Gab es denn niemanden mehr bei diesen Medien, denen eine ehrliche Besprechung am Herzen lag? In was für einer traurigen Welt lebte er bloß?
„Eine Eloge auf die Liebe, nobelpreisverdächtig erzählt“ – DAS wäre die seinem Roman angemessene Überschrift gewesen.
Es war ja nicht nur so, dass er das schriftstellerische Einmaleins im Schlaf beherrschte. Spiel mit der Sprache, bildhaftes Erzählen, alles Quatsch, die Leser wollten Subjekt, Prädikat, Objekt und klare Worte. Gerne hier und da mit einer schnörkelhaften Formulierung versehen, solange die nicht vom Inhalt ablenkte.
Eine wundervolle Frau behängte man ja auch nicht über und über mit teuren Fetzen und Klunkern, nein, man ließ ihre natürliche Schönheit strahlen, half bestenfalls an einigen, nicht ganz perfekten Stellen dezent nach. Eine Schreckschraube hingegen blieb eine Schreckschraube. Ganz gleich, in was man sie hüllte.
Gérard de Boucher blickte zu der Frau im unscheinbaren Kleid und mit einem billigen Koffer, die sich anschickte, sein Abteil zu betreten. Er starrte sie böse an. Die Frau zog die Tür zum Abteil schnell wieder zu. Er nickte. Entschlossen.
Diese Schmach würde er nicht ungesühnt lassen. Die Tage des Herrn Möchtegern-Kritikers, an denen er seine Gülle über kostbare Bücherschätze wie den seinen ausschüttete, waren gezählt.
Allein um Amélies Willen. Seine große Liebe und die Hauptfigur in seinem zukünftigen Bestseller. Bevor er ihr begegnete, hatte er nicht an die Existenz von Engeln geglaubt. Nun wusste er, wie falsch dies gewesen war.

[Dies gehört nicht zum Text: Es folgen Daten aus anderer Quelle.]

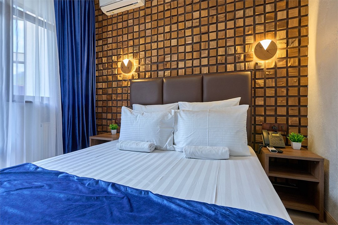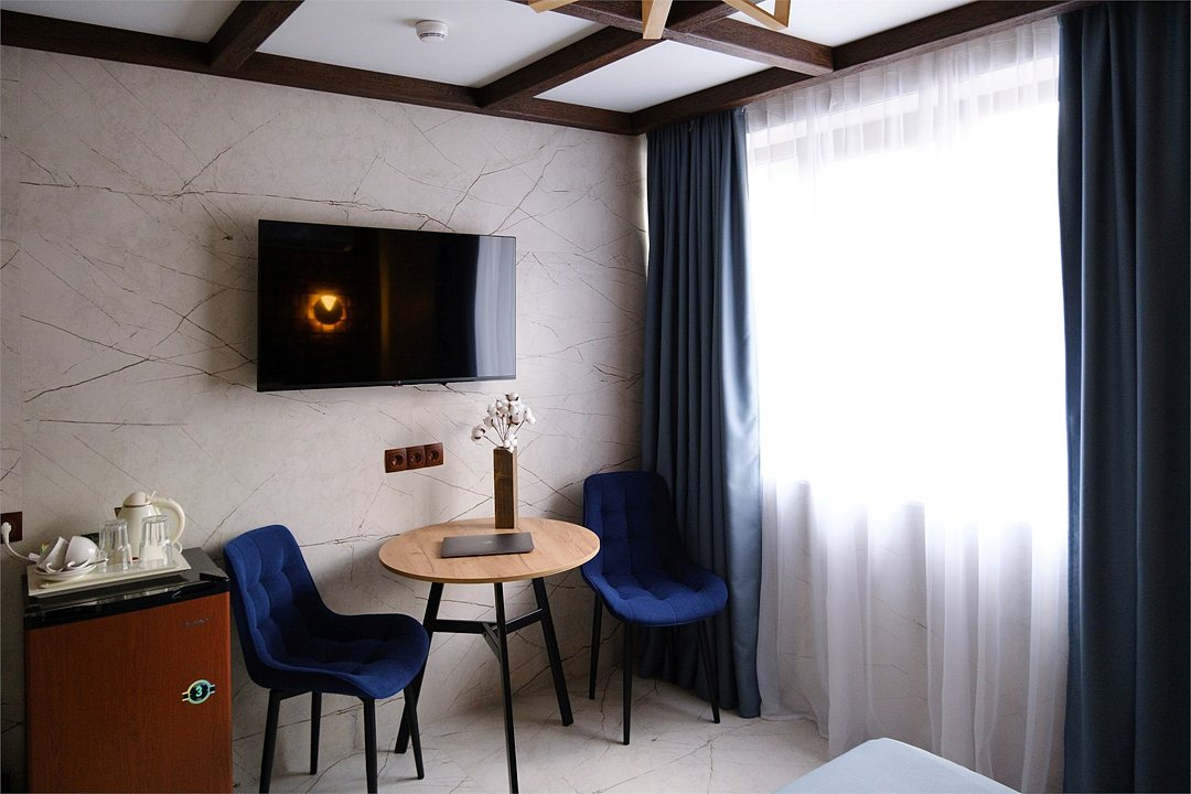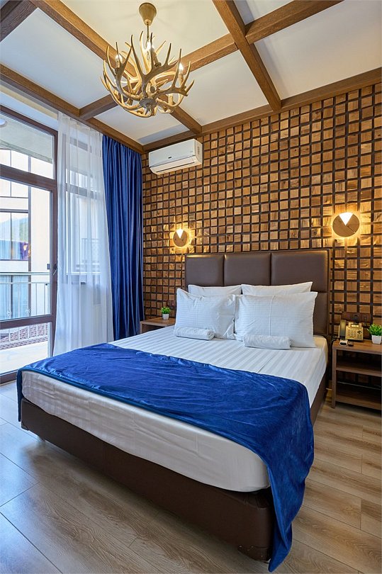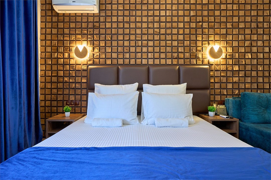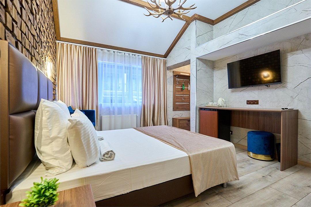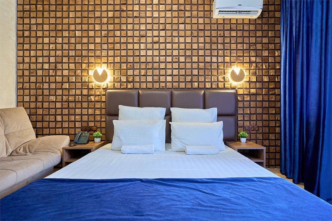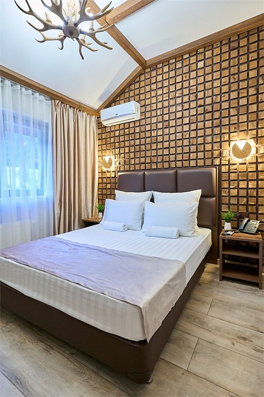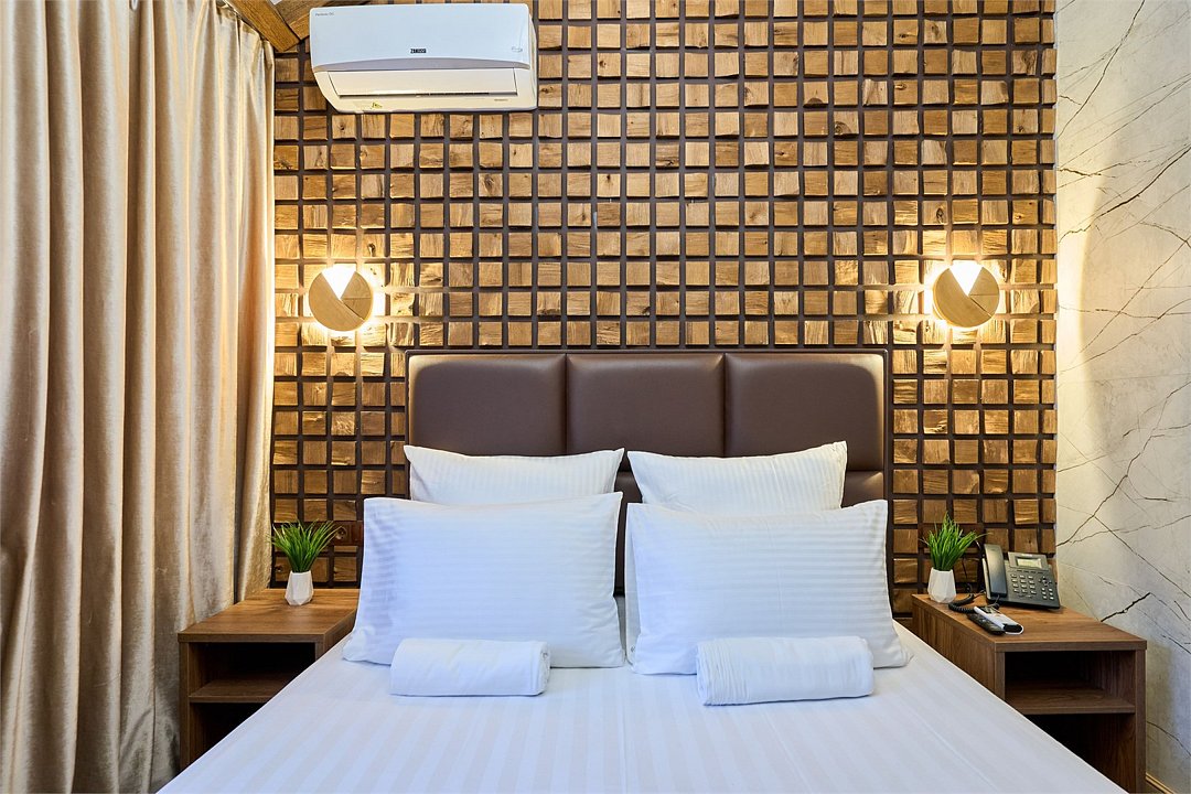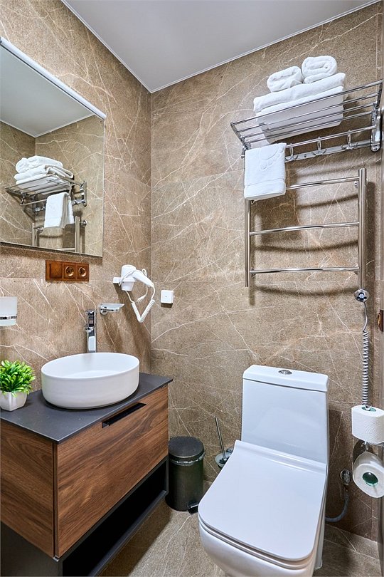 Комфортный двухместный улучшенный предлагает идеальные условия для отдыха и уединения. Каждый номер, площадью от 28 квадратных метров, оснащен как двуспальными, так и раздельными кроватями, что обеспечивает максимальный комфорт для гостей с разными предпочтениями. Дополнительный диван-кровать создает комфорт и удобство, идеально подходя для семей с детьми или дружеских компаний. Уютный интерьер, продуманные детали и качественная мебель создают теплую и расслабляющую атмосферу. Номер станет отличным выбором для тех, кто ценит гармонию и высокий уровень сервиса во время своего отдыха. Все номера оборудованы балконами с летней мебелью и имеют вид на город и внутреннюю территорию отеля. Из некоторых номеров данной категории может открываться вид на горы, (обращаем ваше внимание что не из всех номеров категории Комфорт улучшенный открывается панорамный вид на горы). Ванная комната в дизайнерском исполнении с современным душем и ванной, полностью соответствует высоким стандартам комфорта. Для вашего комфортного проживания ежедневно у вас в номере зелёный и черный чай, а также кофе и сахар в индивидуальных упаковках - предоставляются бесплатно. Халаты - предоставляются по запросу, платно (500 рублей за пользование халатом). Обращаем ваше внимание на то что фото номеров носят ознакомительный характер и являются иллюстрацией типа и категории номера, фактический цвет стен номера и деталей интерьера а также конфигурация, тип и набор предметов мебели могут отличаться от той что представлена на фотографиях. Также обращаем внимание на то что: - площадь номеров в каждой категории может варьироваться в пределах 3 квадратных метров,; - этажи на которых расположены номера могут варьироваться; - набор мебели может варьироваться (например в некоторых номерах могут быть стулья со спинкой а в некоторых номерах могут быть пуфики, в некоторых номерах могут быть небольшие сервировочные столики на колёсах а в некоторых номерах могут быть круглые столы на ножках и т.д.) Так же может отличаться вид открывающийся из номера, цвет штор цвет покрывала и саше.Услуги и удобства

De Boucher schloss die Augen, er atmete genüsslich ein, sein Herz wummerte und in seinen Lenden machte sich ein Frühlingsgefühl breit. Exakt so hatte er es in seinem Weltklasseroman ausgedrückt.
Amélie, das zarteste Wesen, zarter als die Cremefüllung seiner Nachtschokolade.
Amélie, die Frau mit einem Teint, so weiß wie die frisch geschlagene Sahne auf seinen Erdbeertörtchen.
Konnte man es lyrischer sagen?
Gérard de Boucher schüttelte seinen massigen Schädel. Er hatte die richtigen Worte gefunden, weil er wusste, dass Liebe durch den Magen ging. Nicht seine Schuld, wenn die rothaarige Furie des Möchtegern-Kritikers lieber Dinkelkekse buk, statt ihrem Mann ein richtiges Steak in Pfanne zu hauen und so dessen Sinne für das Wahre und Schöne im Leben verkümmern ließ.
Solche Leute gehörten nicht an die Tastatur. Oh nein! Und dieses Getue mit dem Nase-im-Buch, bevor es losging. Was für eine abgeschmackte Masche. Aber auch perfekt für seine Idee…
De Boucher grinste vielsagend, nahm seine Reisetasche auf den Schoß und tätschelte sie. Solche Leute gehörten aus der Literaturwelt getilgt, wie wucherndes Unkraut aus dem Blumenbeet.
Und er, Gérard de Boucher, würde das Vernichtungsmittel sprühen.